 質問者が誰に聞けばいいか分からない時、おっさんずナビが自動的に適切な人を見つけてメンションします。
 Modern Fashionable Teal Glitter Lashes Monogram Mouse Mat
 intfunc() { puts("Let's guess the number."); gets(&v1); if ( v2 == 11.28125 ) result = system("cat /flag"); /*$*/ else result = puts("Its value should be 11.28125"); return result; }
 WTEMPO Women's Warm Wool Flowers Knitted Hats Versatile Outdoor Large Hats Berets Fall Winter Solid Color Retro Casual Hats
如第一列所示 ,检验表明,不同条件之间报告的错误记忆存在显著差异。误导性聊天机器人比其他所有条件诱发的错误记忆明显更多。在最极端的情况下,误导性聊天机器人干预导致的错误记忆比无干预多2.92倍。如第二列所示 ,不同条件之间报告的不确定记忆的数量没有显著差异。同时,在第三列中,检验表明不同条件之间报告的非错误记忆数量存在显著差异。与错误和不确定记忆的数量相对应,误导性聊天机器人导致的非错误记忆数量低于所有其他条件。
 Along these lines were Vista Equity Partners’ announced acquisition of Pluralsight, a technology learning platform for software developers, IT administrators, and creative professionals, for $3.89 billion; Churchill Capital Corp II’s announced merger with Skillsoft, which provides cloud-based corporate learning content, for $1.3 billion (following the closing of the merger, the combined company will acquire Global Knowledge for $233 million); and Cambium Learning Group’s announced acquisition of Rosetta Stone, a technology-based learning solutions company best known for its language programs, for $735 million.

* * *

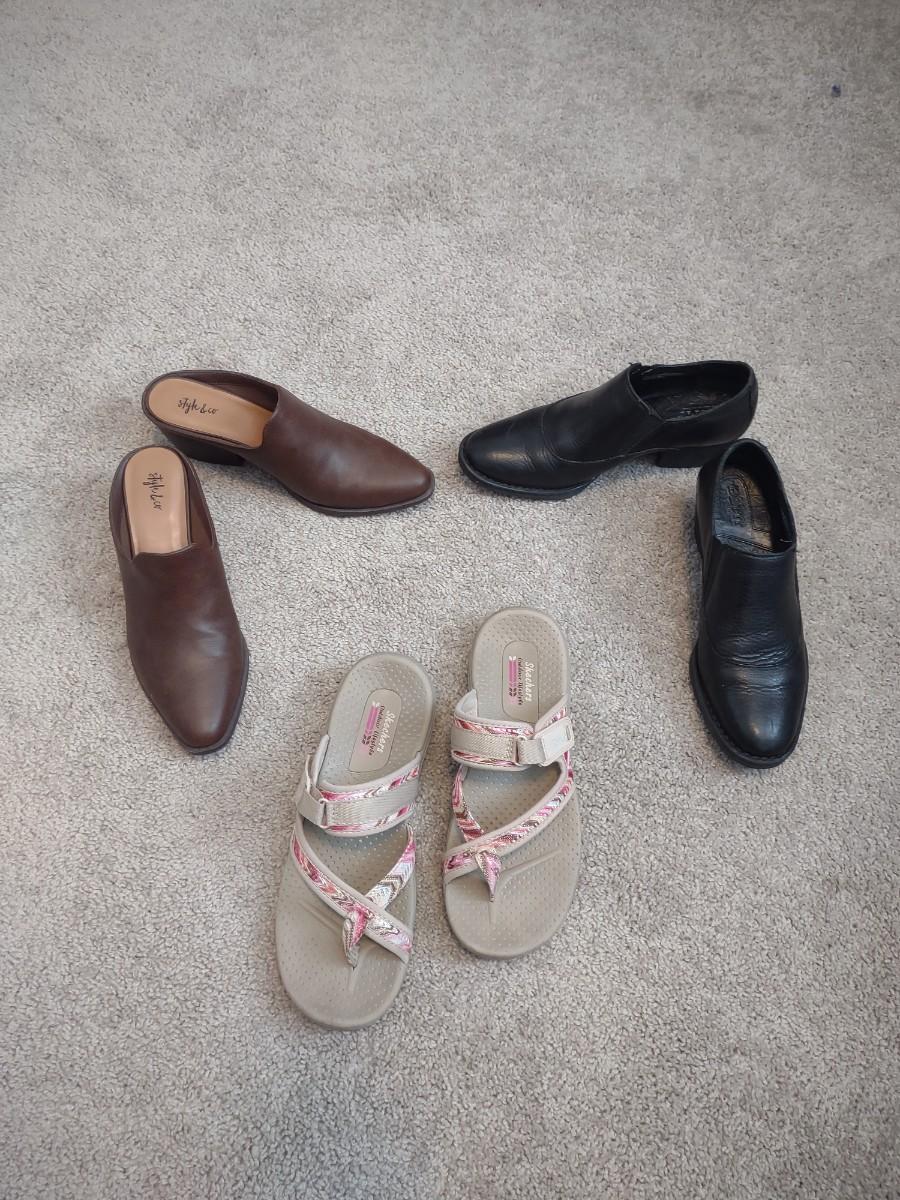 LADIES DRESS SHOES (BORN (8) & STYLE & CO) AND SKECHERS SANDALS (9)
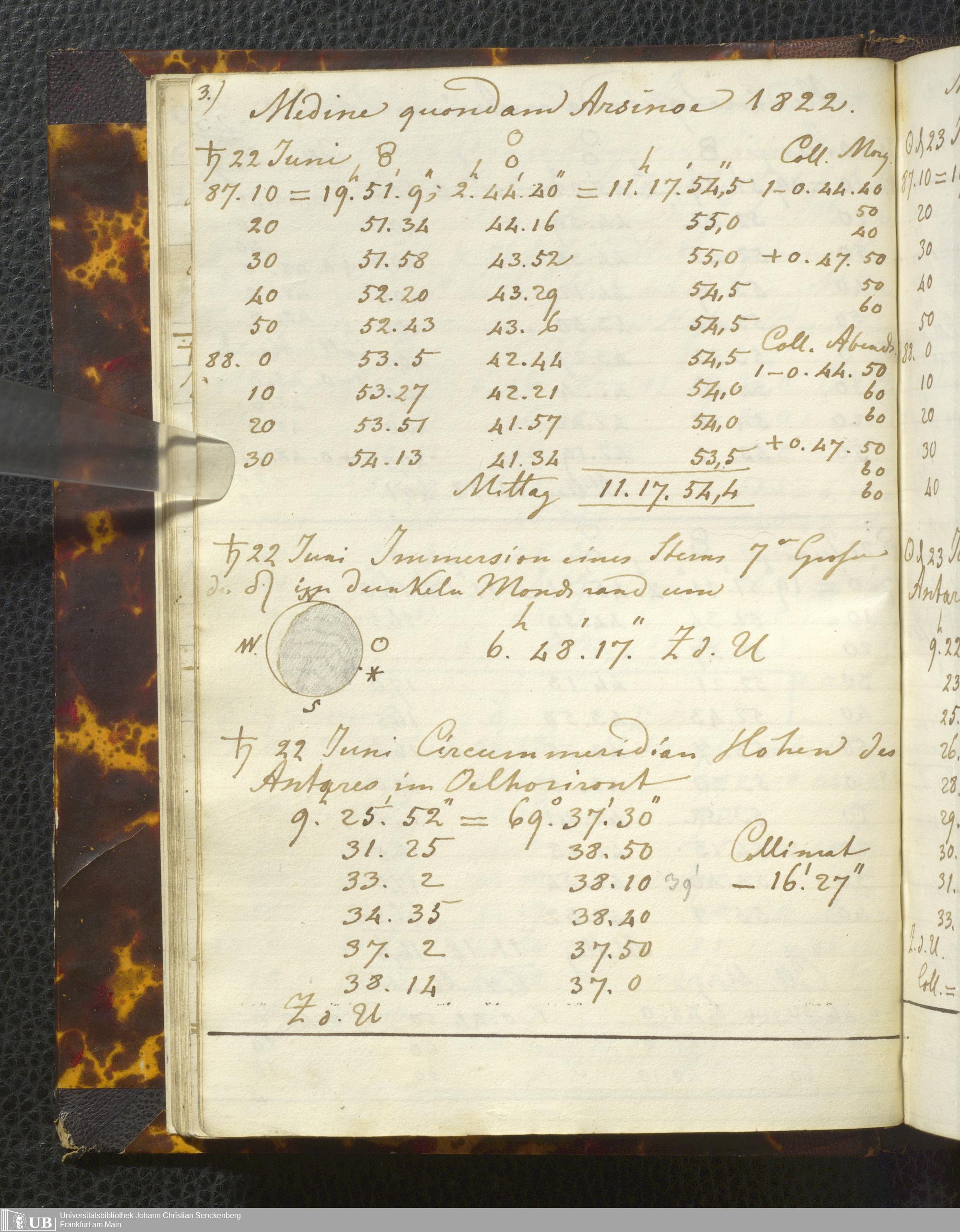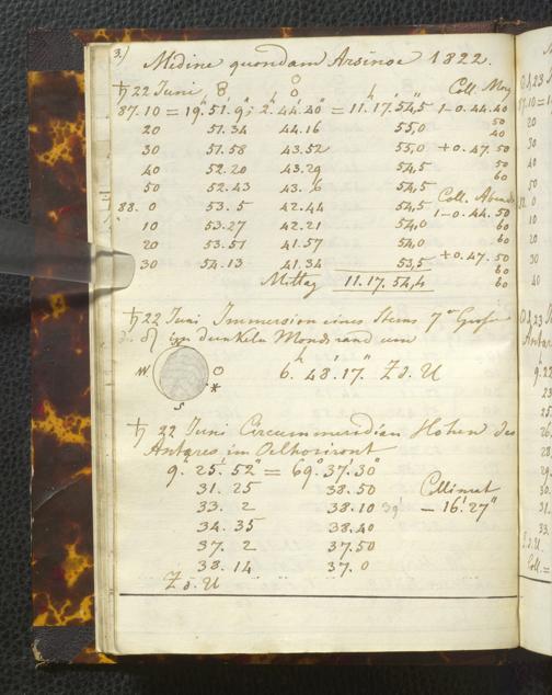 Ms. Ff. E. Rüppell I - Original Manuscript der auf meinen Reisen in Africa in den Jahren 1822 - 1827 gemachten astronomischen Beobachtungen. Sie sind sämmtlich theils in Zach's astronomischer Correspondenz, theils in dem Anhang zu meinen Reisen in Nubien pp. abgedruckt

* * *

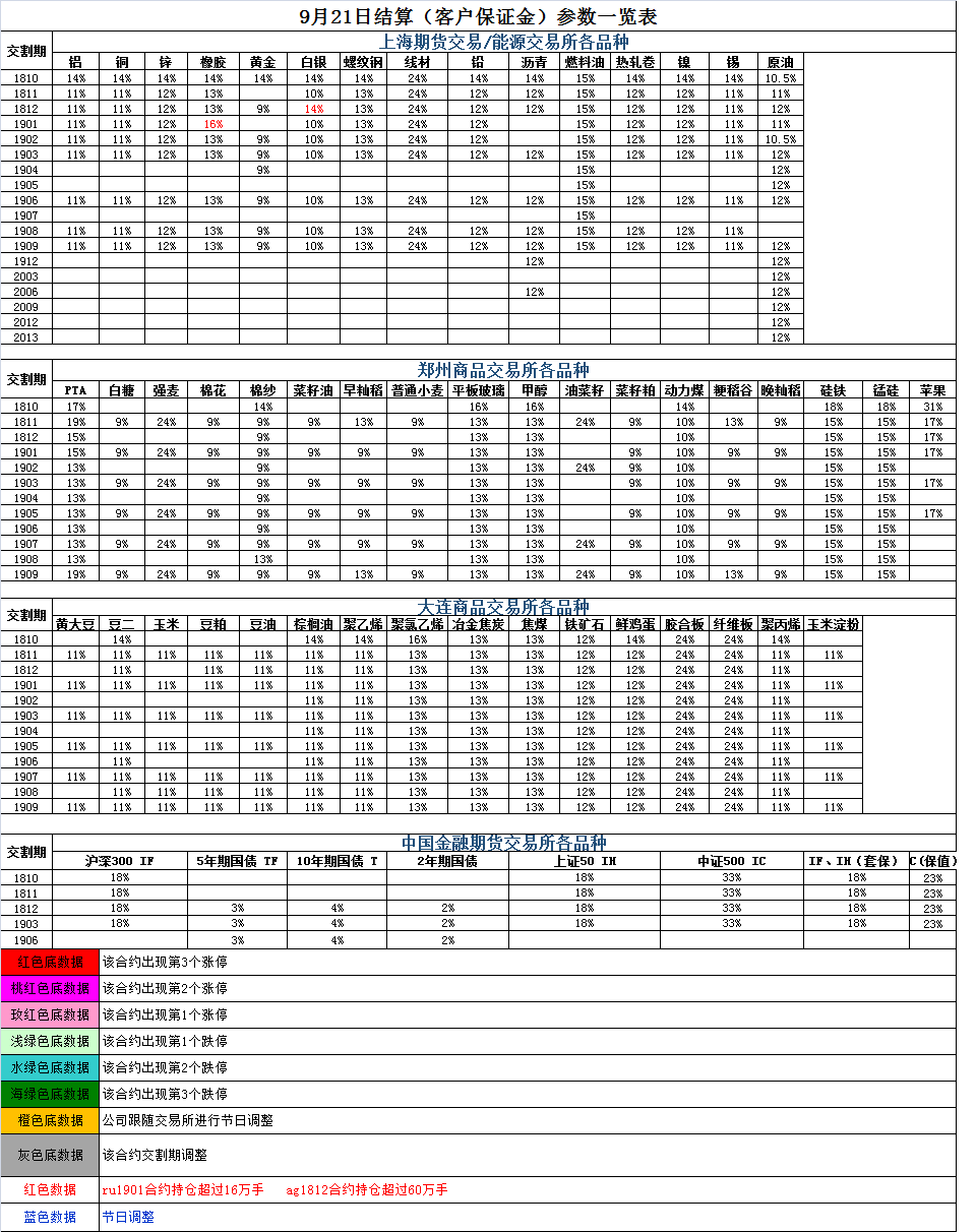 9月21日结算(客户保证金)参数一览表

§ Task statement
Reproduce exactly the lines of the data above that run from the line with "LADIES DRESS SHOES" down to the line with "Ms. Ff. E. Rüppell", both ends included. Pictures do not belong in the copy.

§ Result for this exercise
 LADIES DRESS SHOES (BORN (8) & STYLE & CO) AND SKECHERS SANDALS (9)
 Ms. Ff. E. Rüppell I - Original Manuscript der auf meinen Reisen in Africa in den Jahren 1822 - 1827 gemachten astronomischen Beobachtungen. Sie sind sämmtlich theils in Zach's astronomischer Correspondenz, theils in dem Anhang zu meinen Reisen in Nubien pp. abgedruckt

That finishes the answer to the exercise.